The boy seemed to vacillate for a moment before apparently coming to a compromise: haltingly, he took his hood down.
“I’m making you something to eat,” David said, raising his voice as he disappeared into the kitchen. “It’s almost ready. I hope you like hamburger.”
When he returned with the piping hot meal and placed it on the dining table, the boy stared at it with his huge, bright-blue eyes. His gaze travelled from the dining table to David, and back to the dining table again, traces of both hopefulness and uncertainty in his expression. He looked for all world as if he believed the meal would be snatched away if he dared make a move towards it.
“It’s okay,” David reassured him. “Eat up.”
The boy got up from the sofa and waddled over to the table on stiff legs. He started by nibbling the food cautiously, as if he expected it to taste foul, but in no time he was wolfing it down. He drank a whole glass of orange squash, which David refilled immediately. While the boy ate, he watched him, feeling so unaccountably pleased with himself that he couldn’t keep a foolish half-smile from playing on his lips.

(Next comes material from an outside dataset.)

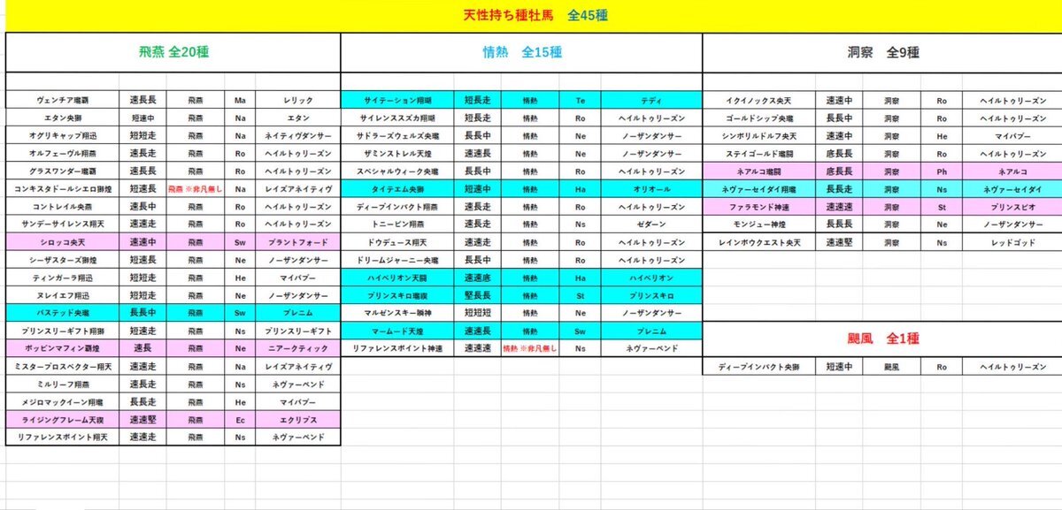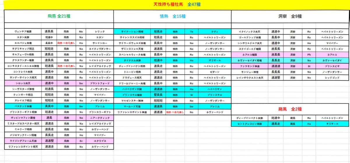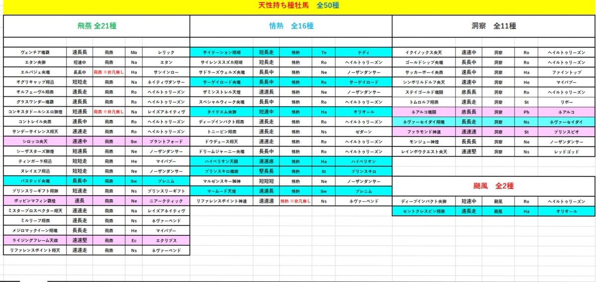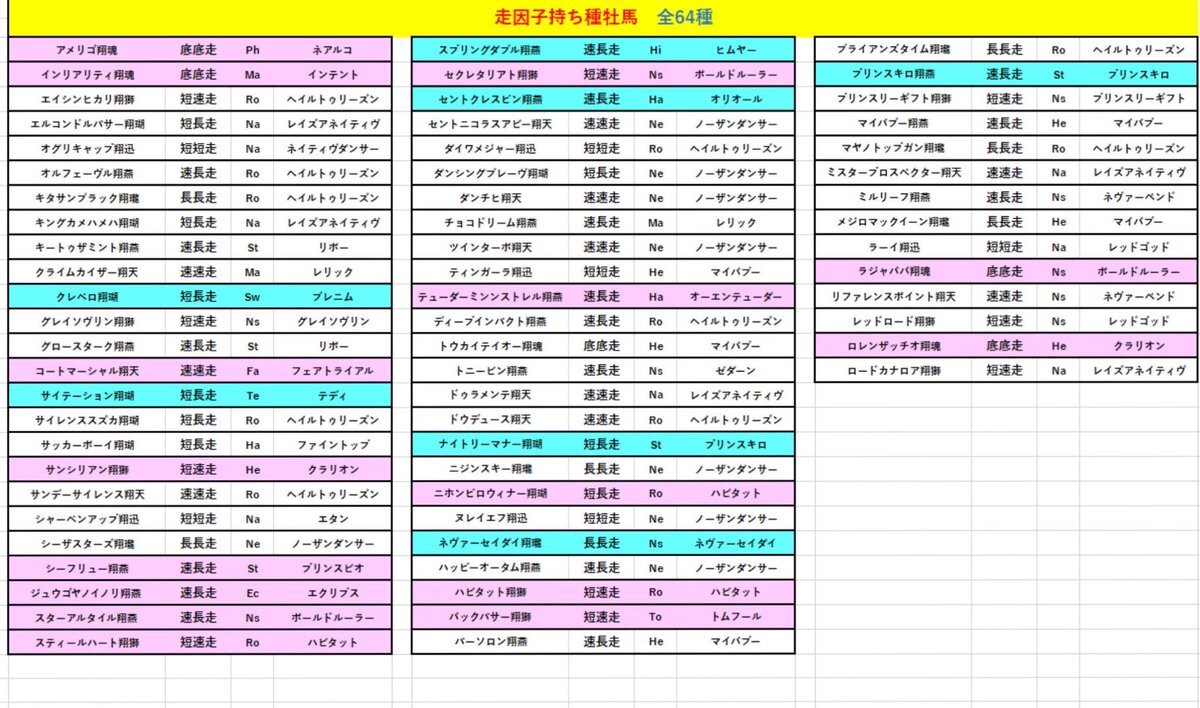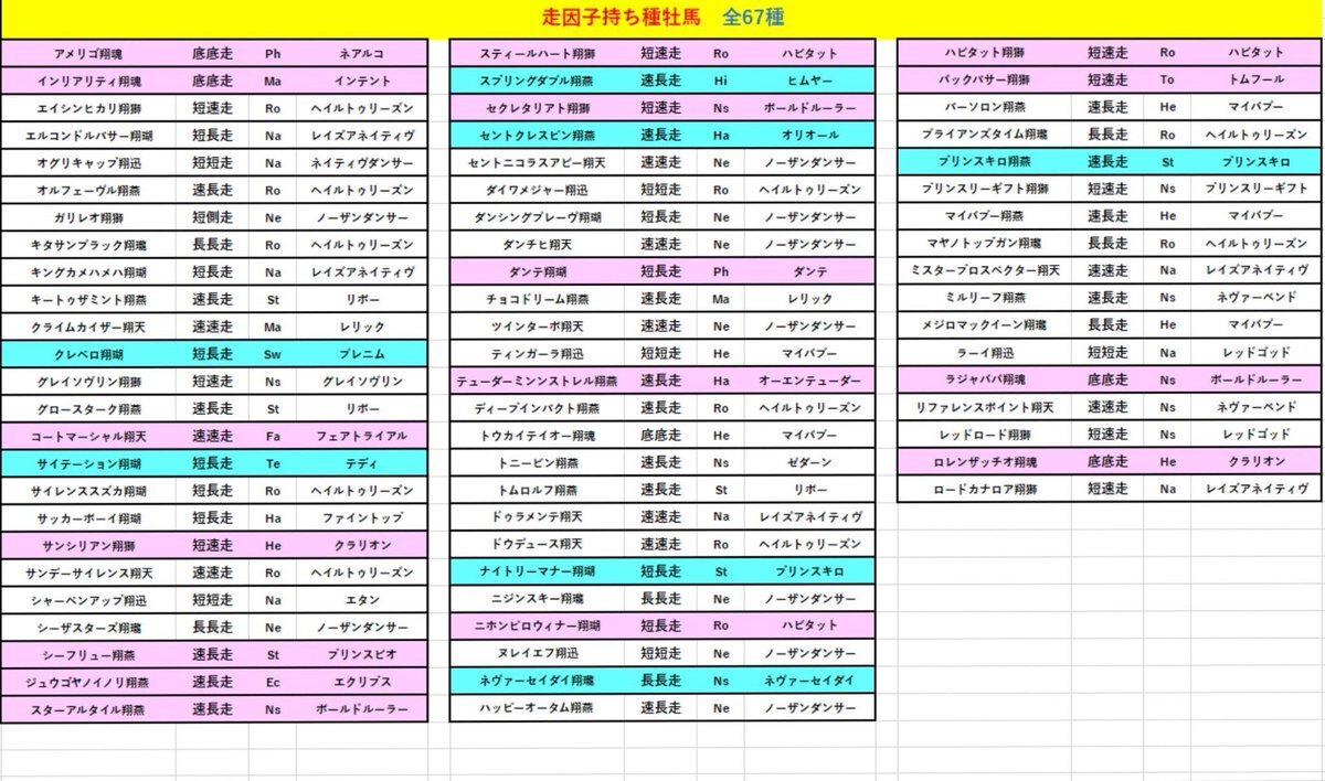 招き石があと2周分で底をつく為、なかなか次の配合(周回)に踏み切れずぼーっとする時間が増えてきた為、誰も必要としてないかもしれない一覧の定期更新🙄 ※アタシは配合考える前に眺めとるのでヨシ結構眺めとります 天性因子持ち種牡馬一覧 走因子持ち種牡馬一覧 中因子持ち種牡馬一覧 pic.x.com/bef067H8kl

As he finished the meal the boy let out a huge belch, at which he looked somewhat sheepish. David chuckled at the indiscretion and retreated to the kitchen with the empty plate. There was a definite flicker of incredulous excitement in the boy’s eyes when dessert was brought out. He soon wolfed that down too, paying no attention to David, who hovered over him like a mother hen. He thought it likely the kid hadn’t eaten such a meal since the virus had struck more than six months ago.
After he’d finished eating David ran a bath and the boy was ushered through to the bathroom without protest. He seemed only too happy to comply with David’s wishes, going along with the fortuitous flow of events.